Eventually we escaped back to our house (important, as we may have been asked for an impromptu prophecy if we had stayed), where we met a guy called Collins, who is working on the 2030 plan. This is the plan which shall make Kenya rich. Examples are, every house shall have access to clean water by 2030 - a good idea, every Kenyan shall have a degree by 2030 – hmmm, and every house shall have electricity - a pipe dream. And this is why…
Kenya already has insufficient generating capacity and crappy infrastructure (we have power cuts all the time), so a huge investment is needed anyway. Only Kenya doesn’t have the money for this. Only the British government is stupid enough to lend the funds, which would be promptly stolen by the minister or the contactors (who would also happen to be from his village…) But lets go all fantasy and say new power stations are built, and the power lines are installed, and the electricity company connects the house without demanding a bribe (almost inconceivable).

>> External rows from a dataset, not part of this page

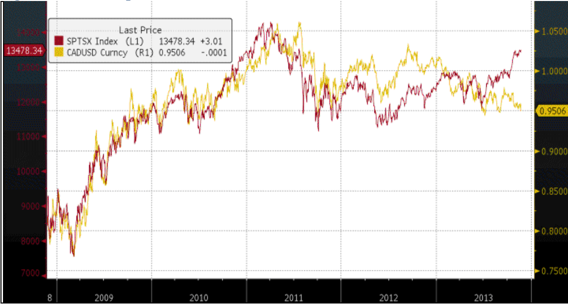
Figure 2: TSX Composite vs. C$ – 2008 to 2013

The TSX and C$ are going their separate ways as the index trades at its highest since July 2011 even as the C$ tests support at USD 0.95, a full 10 cents lower than its levels at that time. The C$ should recover next year, in our view, as global interest is reignited in the TSX, but even if it continues to flounder, a weaker loonie would be positive for Canadian corporate earnings.
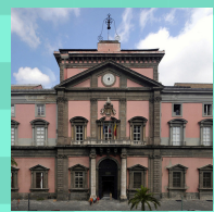
National Archaeological Museum of Naples is the best museum of Naples.
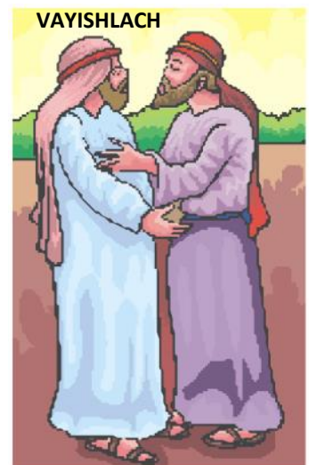
Yaakov meets Esav
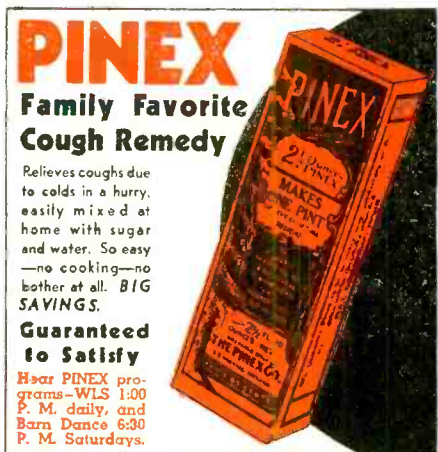
PINEX_for Remarkably Quick Relief from Coughs Due to Colds.
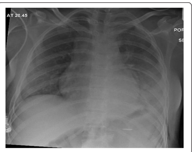
Figure 3 This is the CXR after the diaphragmatic hernia repair. It shows that the bowel contents have been successfully reduced with satisfactory left lung expansion.

Presenting symptoms of late onset CDH could be classified as respiratory (upper respiratory tract infection, pneumonia, respiratory distress, cough, wheezing, etc.),
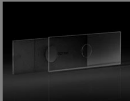
#30-133 - 10mm/ 100 Divisions, Stage Micrometer €289,00
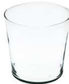
W-98 height: 180 top: 160 bottom: 120 q/p: 300
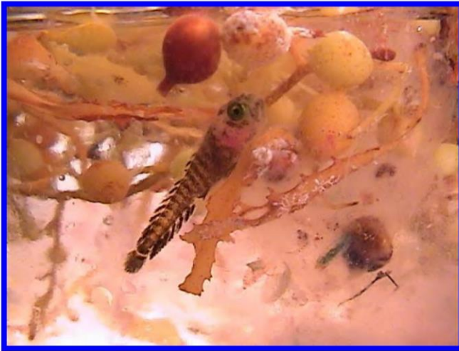
Larval and early juvenile dolphin have been shown to be highly susceptible to the toxins present in crude oil, suggesting that all dolphin young spawned in an affected area could be killed.

NOAA researchers are working to determine at what level does PAH begin to affect larval fish. This information will not cure or prevent future damage. At best, it will only allow a better prediction of the damage. No one knows how long these contaminants will continue to kill larval fish and whether lethal levels of these toxins will be spread to other areas by the ocean's currents. Such toxins in our oceans are silent, invisible killers that will continue to have a deadly effect on larval fish for years to come. We could be left to wonder what happened to the dolphin and never know what caused their decline.

Will the villager enjoy the boons of lighting? I would say no. This is because he shall be unable to pay the bills, as he has no job, can’t sell his crops (because the government has formed a monopoly company and has introduced price controls so they don’t have to pay fair prices) – and is trying to find the money for school fees.
Sorry. Rant over.
So we come full circle… We are back from church, where there were more choirs. Weirdly we managed to become a magnet for a crazy and drunk woman who sat between us, and then talked the whole way through (for example - ‘urgh, a confirmation. We are going to be here for ever.’) The highlight was when we introduced ourselves, and she translated from English into, eerm, English.
And finally, they have apparently already crashed the new ferry in Mombasa, although no damage was done to the boat I believe several cars on shore were squished.